Segment Start: Data shown

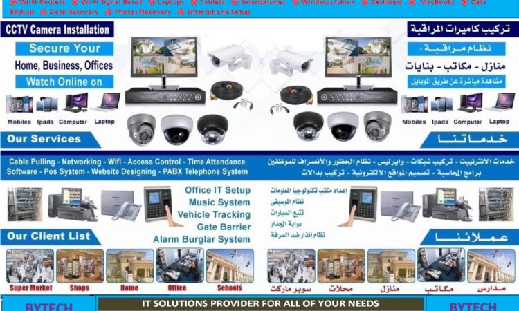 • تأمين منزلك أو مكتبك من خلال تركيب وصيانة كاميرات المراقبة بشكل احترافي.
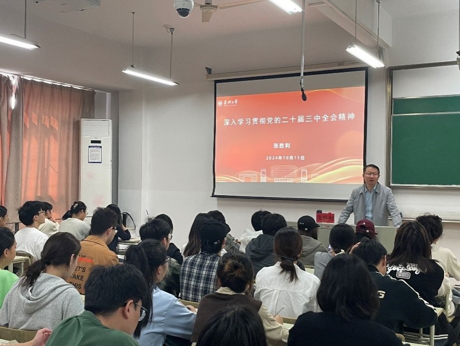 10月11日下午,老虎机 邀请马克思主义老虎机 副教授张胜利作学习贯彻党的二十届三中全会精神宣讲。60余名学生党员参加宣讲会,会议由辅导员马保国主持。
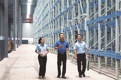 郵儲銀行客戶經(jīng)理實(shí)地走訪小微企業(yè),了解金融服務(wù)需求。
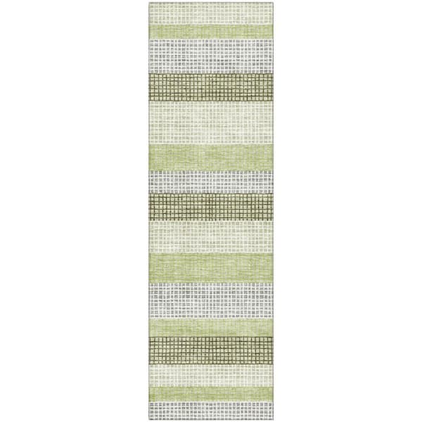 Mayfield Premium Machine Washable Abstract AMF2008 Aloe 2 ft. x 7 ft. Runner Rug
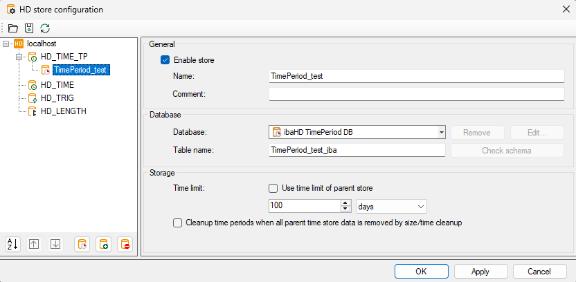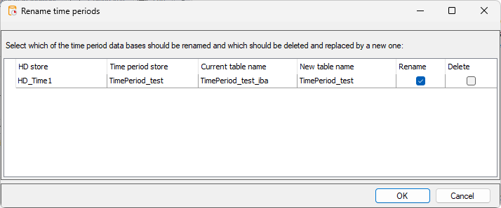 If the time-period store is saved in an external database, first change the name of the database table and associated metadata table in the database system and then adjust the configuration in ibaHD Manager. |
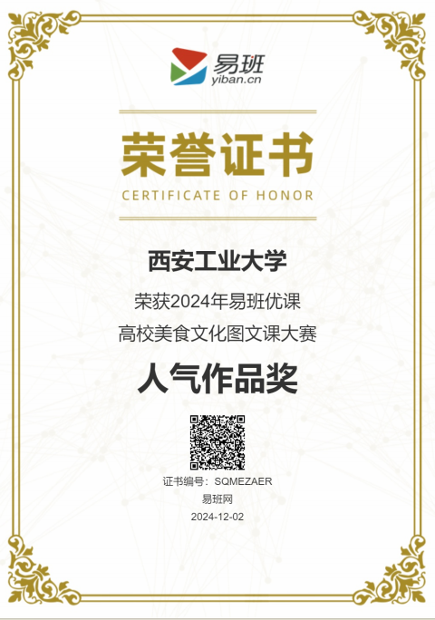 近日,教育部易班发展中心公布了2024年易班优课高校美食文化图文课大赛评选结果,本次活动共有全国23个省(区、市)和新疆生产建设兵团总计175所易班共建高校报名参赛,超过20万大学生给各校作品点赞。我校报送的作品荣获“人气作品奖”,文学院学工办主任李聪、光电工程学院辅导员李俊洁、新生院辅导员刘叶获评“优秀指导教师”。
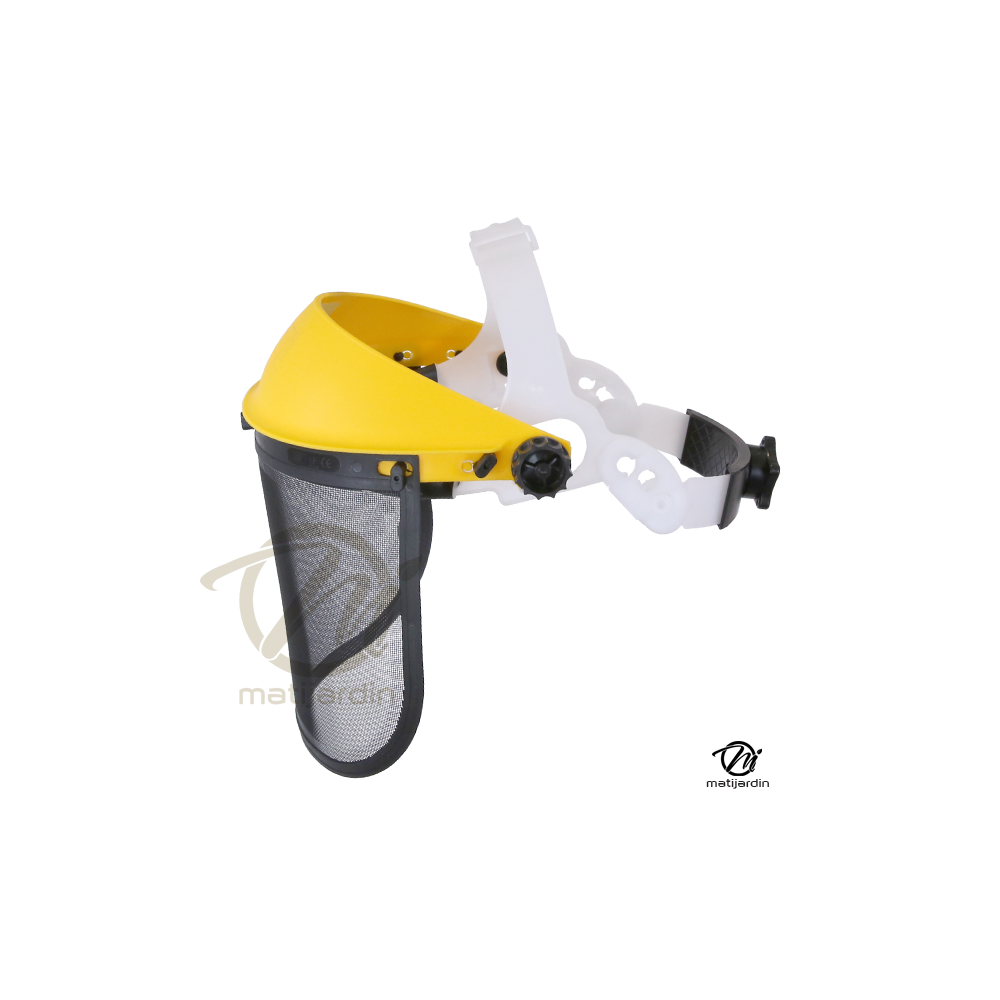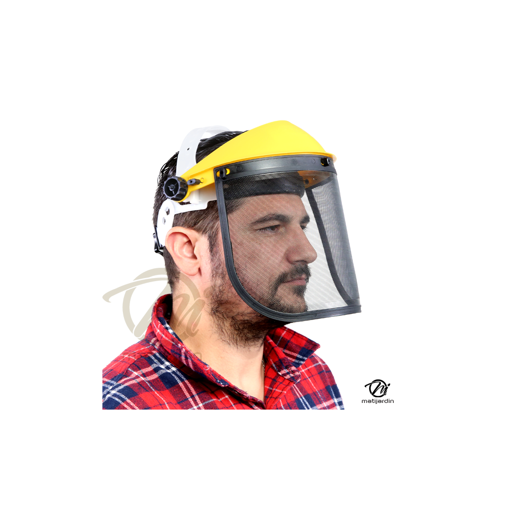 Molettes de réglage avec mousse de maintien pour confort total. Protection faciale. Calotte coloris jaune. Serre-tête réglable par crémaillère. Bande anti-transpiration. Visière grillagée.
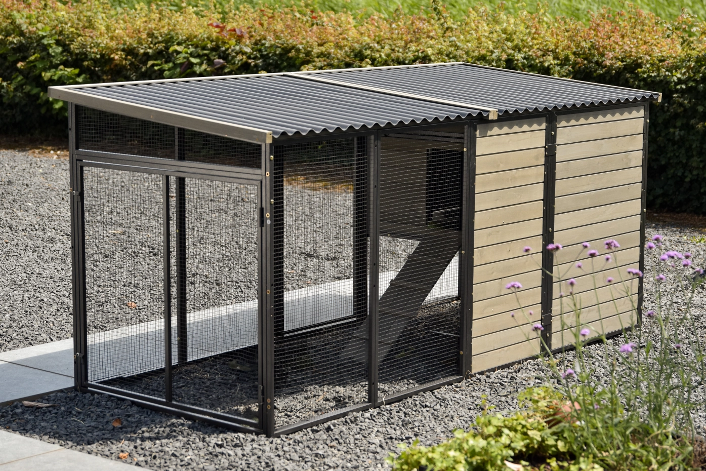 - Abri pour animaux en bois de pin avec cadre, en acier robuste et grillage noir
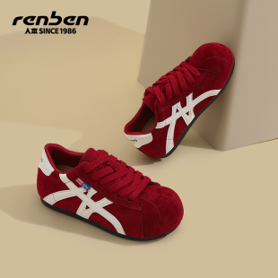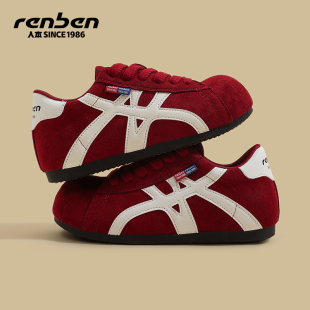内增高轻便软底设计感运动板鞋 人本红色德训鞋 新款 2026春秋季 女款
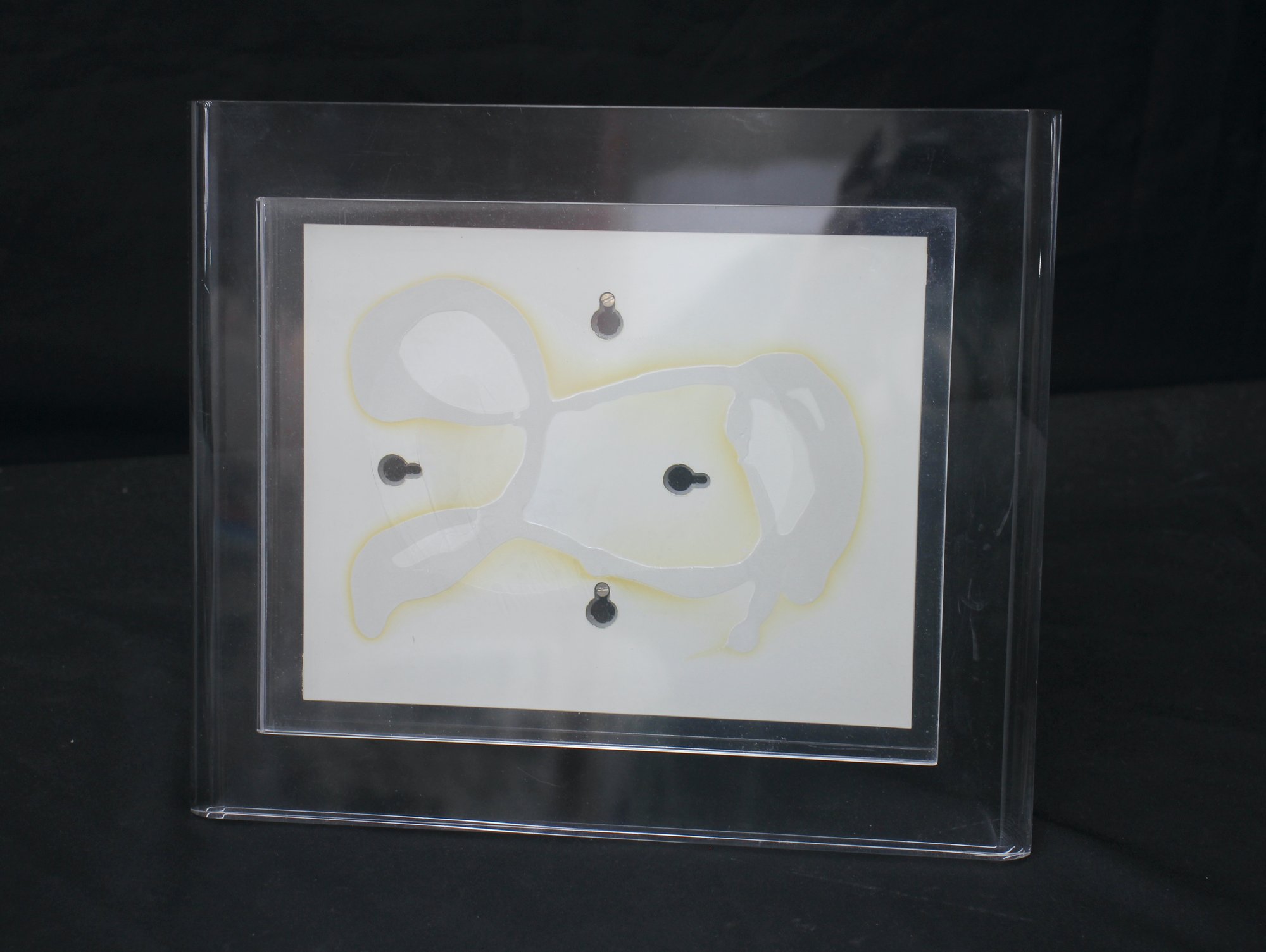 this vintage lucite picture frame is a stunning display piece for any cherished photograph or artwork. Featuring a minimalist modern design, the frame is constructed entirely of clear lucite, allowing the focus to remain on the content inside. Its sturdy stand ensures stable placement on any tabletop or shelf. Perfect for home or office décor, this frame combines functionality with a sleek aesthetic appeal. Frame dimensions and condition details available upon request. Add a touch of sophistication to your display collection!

Segment End: Data shown
Segment Start: Data shown

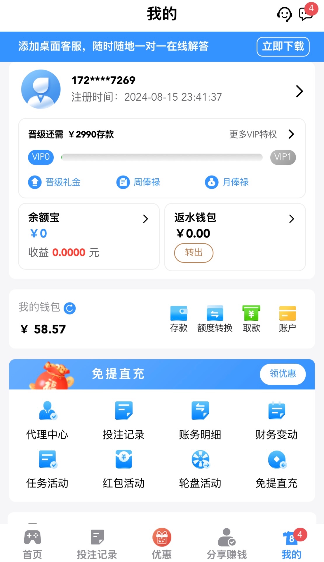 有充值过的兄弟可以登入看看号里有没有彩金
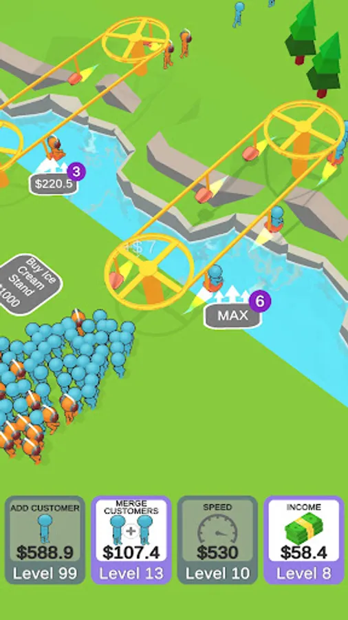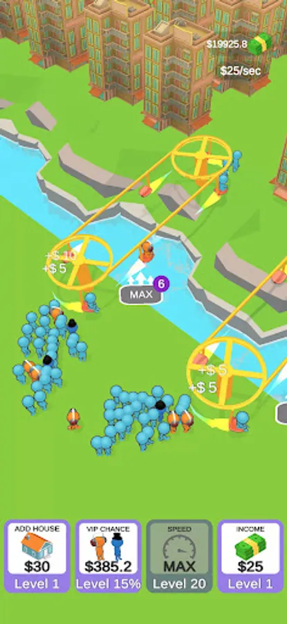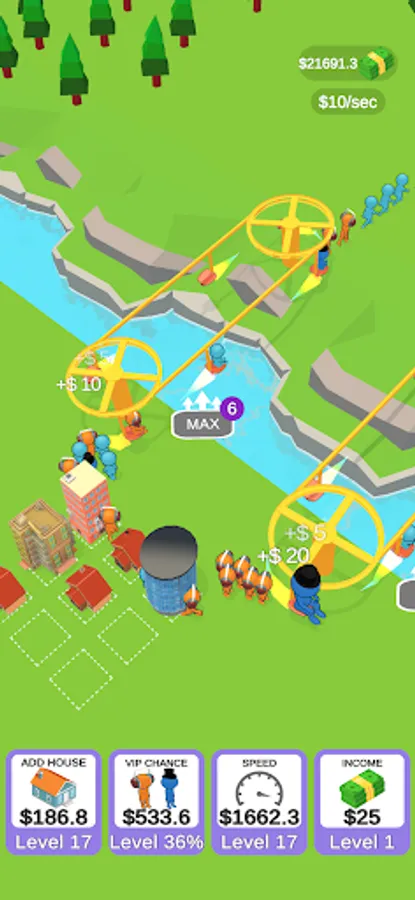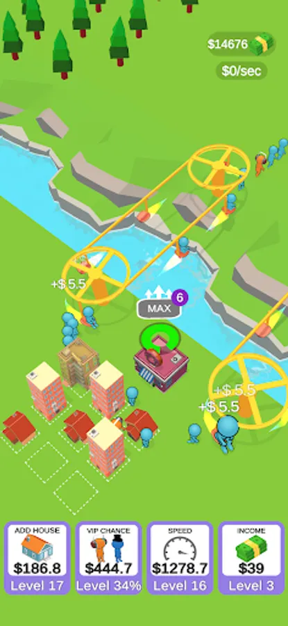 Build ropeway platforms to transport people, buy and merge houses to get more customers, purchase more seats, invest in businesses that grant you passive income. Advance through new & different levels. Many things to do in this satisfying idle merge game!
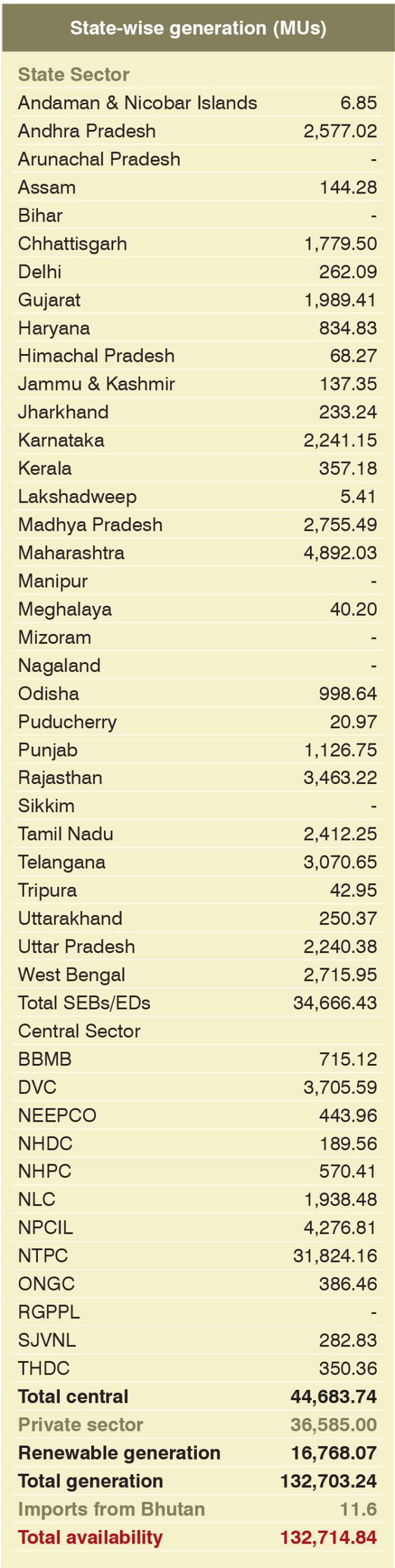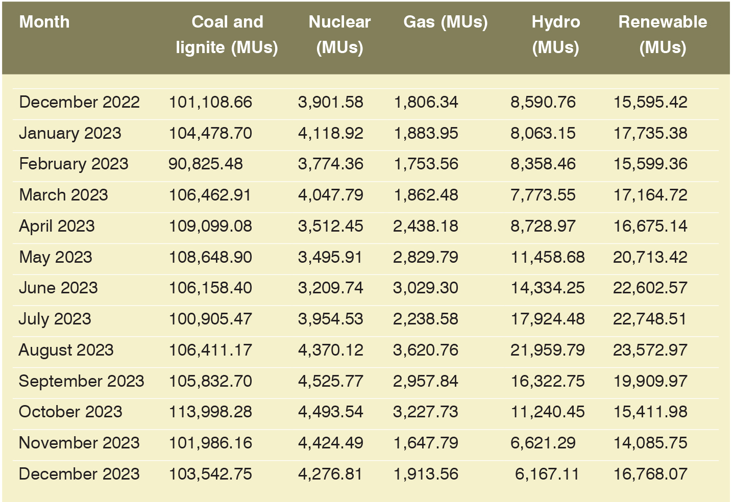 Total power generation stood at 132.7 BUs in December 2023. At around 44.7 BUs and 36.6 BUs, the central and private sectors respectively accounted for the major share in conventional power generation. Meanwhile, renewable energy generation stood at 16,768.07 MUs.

Segment End: Data shown

Your objective » Transcribe only the lines above that start at the line containing "Molettes de réglage" and end at the line containing "this vintage lucite". Omit pictures.

Answer »
 Molettes de réglage avec mousse de maintien pour confort total. Protection faciale. Calotte coloris jaune. Serre-tête réglable par crémaillère. Bande anti-transpiration. Visière grillagée.
 - Abri pour animaux en bois de pin avec cadre, en acier robuste et grillage noir
内增高轻便软底设计感运动板鞋 人本红色德训鞋 新款 2026春秋季 女款
 this vintage lucite picture frame is a stunning display piece for any cherished photograph or artwork. Featuring a minimalist modern design, the frame is constructed entirely of clear lucite, allowing the focus to remain on the content inside. Its sturdy stand ensures stable placement on any tabletop or shelf. Perfect for home or office décor, this frame combines functionality with a sleek aesthetic appeal. Frame dimensions and condition details available upon request. Add a touch of sophistication to your display collection!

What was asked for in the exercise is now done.